Hello, I haven't been on here for a while but lately my anxiety and in particular health anxiety has been really bad.
I'm convinced something is very very wrong, I've looked through the threads on here and can see that bleeding between periods is quite common but as is the nature of anxiety, I'm sure that mine is different somehow and caused by something serious.
I felt last night like I had a bit of mild period cramps which I often do midway through my cycle, then this afternoon when wiping I saw a tiny amount of bright red blood. Hardly anything really. That was 2 hours ago, it's still going on now, very light and I've got a bit of cramping too, just like a period.
I'm def not pregnant.
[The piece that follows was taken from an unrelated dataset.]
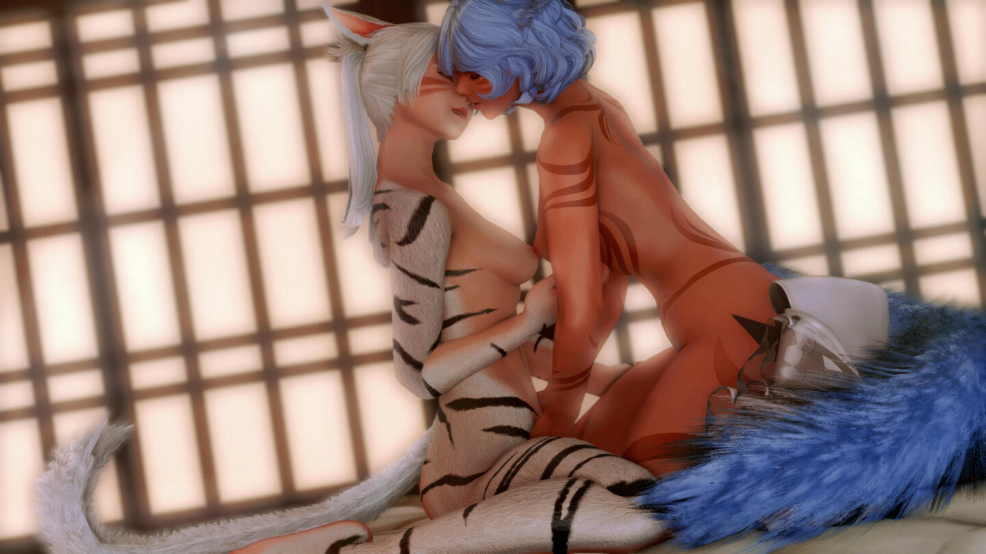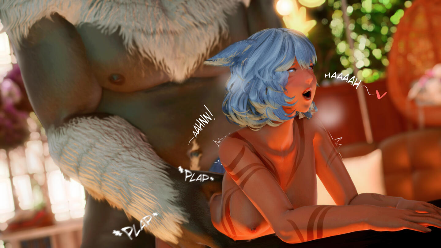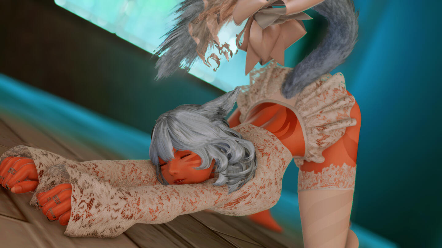 Deep in the twisting woods of the Black Shroud, a mortally wounded female Keeper of the Moon stumbled through the night before coming across two Hrothgar mercenaries who had made camp not too long ago. Her hands clutching the bundle of cloth tightly to her chest, she gave them a pleading look before collapsing, her injuries finally catching up to her. Despite their combined efforts, they were unable to heal her wounds, and, with her dying breath, she whispered the name of the babe in her arms before entrusting the sleeping Imzadi to them.Imzadi's guardians took great care in raising her, being sure to teach her of the harsh realities of the world while also making sure she knew that she was cared for deeply. They taught her how to survive out in the wild and endure the elements while also training her in a variety of different weapons. The two Hrothgars soon realized that she had a strong affinity with aether and were unsure on how to properly train her regarding it. They decided that the literature written by previous scholars would be the best course of action, and so they brought her a number of tomes from their missions in which she greedily accepted, curiosity always taking a hold of her when presented with a new challenge. In addition to her own studies, she would secretly visit the Conjurers' Guild in Old Gridania frequently to watch from afar and study their methods, something that did not go unnoticed by E-Sumi-Yan.
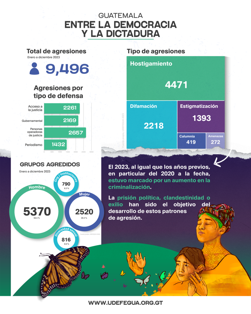 La Unidad de Protección a defensoras y defensores de Derechos Humanos de Guatemala (UDEFEGUA) hizo público su informe del año 2023, sobre sus registros de agresiones en contra de personas, organizaciones y comunidades defensoras de derechos humanos en Guatemala.

I've read that stress can cause this, however I've been stressed/depressed/anxious for a long time now, can it possibly cause it months down the line, surely it would happen straight away?
I have loads of health worries, I'm scared of life basically, at the moment. Every tiny symptom I fret about then study. I can disregard some things but there's no denying actual blood.
I have a massive fear of tests too, this has got worse over the past 6 months or so. Please don't tell me off and I'm too scared to put this but must, but I'm overdue for my smear. I'm so stupid and irresponsible not to get it done, don't know what's wrong with me
Please, if anyone replies don't go too hard on me as I already know I'm pathetic, just need coping strategies and how to get through until I can call the Drs. Am so scared, I feel sick and can't even drink anything.